Ok, I’m screwed. Time for Plan C – I did an mfsbackup of the drive from the downstairs TiVo, and attempted to restore it to the drives I wanted for the upstairs TiVo. Around about this time, the old WinTel machine started doing its old trick of not recognizing anything on the primary IDE controller, so I had to switch to the new WinTel machine. The only problem with that is that the Windows drive on this machine was formatted at NTFS, and the Linux boot CD doesn’t handle NTFS. So I had to grab one of the many drives I have kicking around the house – this one was a 20Gb drive I pulled out of the G4 machine yesterday when I upgraded it to 80Gb. I initially made it a master on the second IDE controller, but I could not for the life of me figure out how to make Windows XP recognize it and format it. So I grabbed a boot disk from bootdisks.com and made a boot floppy for DOS 6, booted and fdisked it. THEN XP could see it and format it as a FAT drive. I then had a disk for the backup.

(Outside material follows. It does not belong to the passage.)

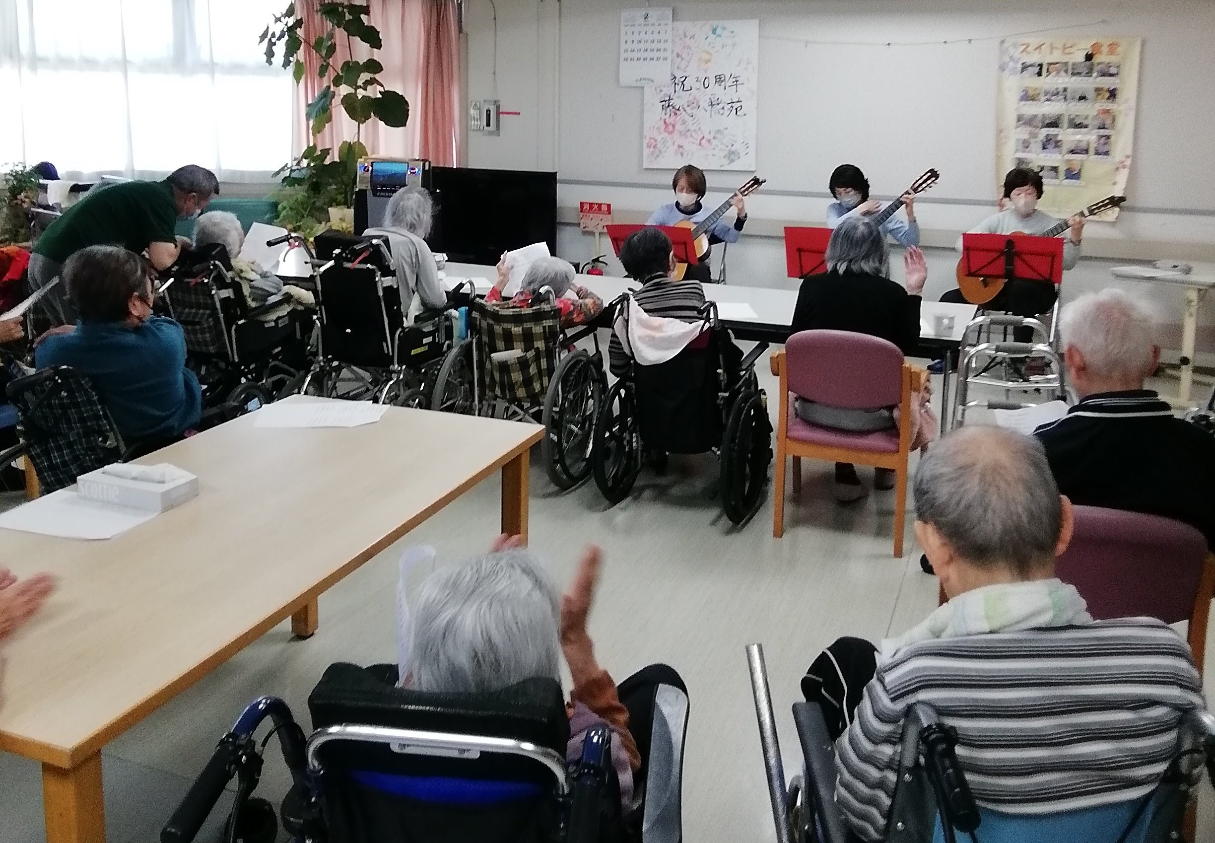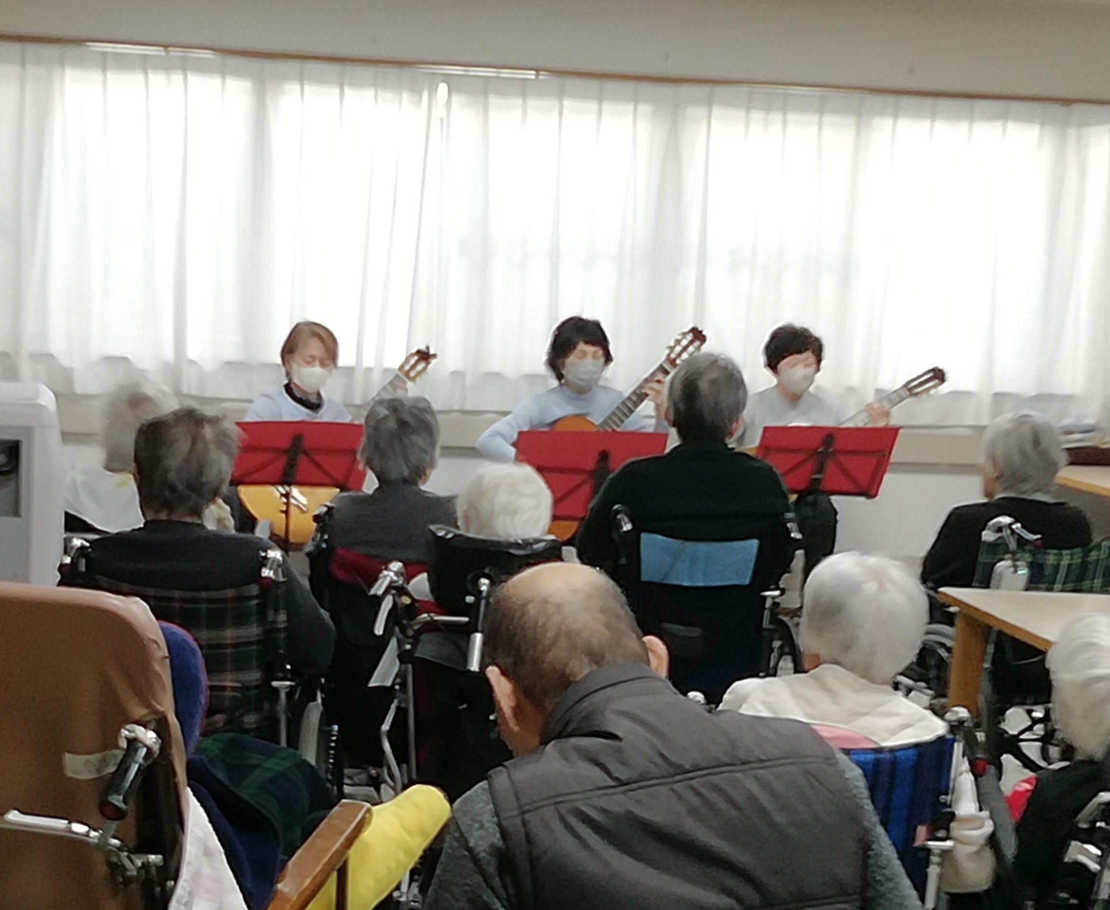 演奏の後には「みんなで歌いましょう」と、「スキー」や「真っ赤な太陽」といった懐かしのメロディーをギターに合わせて合唱しました。久しぶりに皆で声を合わせて歌う喜びを感じ、心躍るひとときとなりました。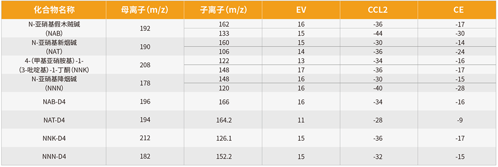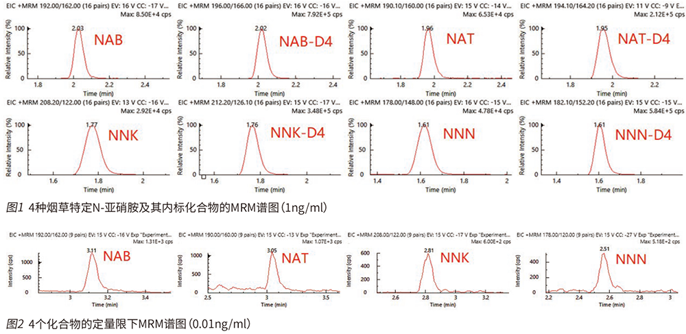 液質聯用技術結合了色譜強大的分離功能和質譜準確的定性功能,能很好的分析痕量水平的 TSNAS,并且前處理方法簡單快速,與傳統的 GC-TEA 方法相比,靈敏度更高、選擇性更強。故本文參考中國煙草總公司企業標準 YO/T 17-2012《卷煙主流煙氣總粒相物中煙草特有 N - 亞硝胺的測定 高效液相色譜 - 串聯質譜聯用法》,采用 EClassical 3200L-MS2 Vertical 9100 液相質譜聯用系統對卷煙主流煙氣中的特有 N - 亞硝胺進行測定,其四種物質的定量限完全滿足并在靈敏度和檢測速度優于標準的檢測需求。

So now I put the backup FAT drive as the primary master, the drive from the downstairs TiVo as the secondary master, and the CD drive as the secondary slave. Booted with the Linux CD, mounted the FAT drive, and used mfsbackup to backup the Tivo drive to it. Did a shutdown and put the Tivo drive back in the TiVo. And it worked! So far so good. Now it was time to make the upstairs machine a clone of the downstairs one. Leaving the FAT drive as the primary master, and the CD as the secondary slave, I made the new 80Gb drive the secondary master and one of the old ones a primary slave. I did an mfsrestore and mfsadd to make this a proper pair of drives. I put it in the upstairs TiVo and it booted fine. So I told the TiVo to wipe all the settings (because I didn’t want it to be a clone of the downstairs one), and it said it would take a couple of hours. I came back a few hours later, and it was in a constant rebooting cycle. I took the drives downstairs and I couldn’t get the WinTel machine to see the “B” drive. Ok, that’s par for the course for my luck with hard drives. I happened to have another 30Gb drive that came back from a warranty repair, so I slapped that in.
And God Damn It! The WinTel machine couldn’t recognize that one either. So to try and salvage the whole freaking weekend, I decided to cut my losses, and so I did the mfsrestore to the 80Gb drive only. I put the drive in the upstairs TiVo, and something actually worked right – it booted. Now I didn’t want to redo the “Clear all setup” disaster of many, many hours ago, so I tried to just redo the guided setup. I went through that, but now it tells me that it needs 4-8 hours to rejigger the guide data before I can start clearing out the old season passes and putting in the correct ones.
Ok, now all I need to do is fix the season passes, install the CacheCard software again, get the network cable up to the bedroom working again, and then figured out how to add one of the 30Gb drives to the upstairs TiVo. Frankly, I had a shorter to-do list before I started fucking with it.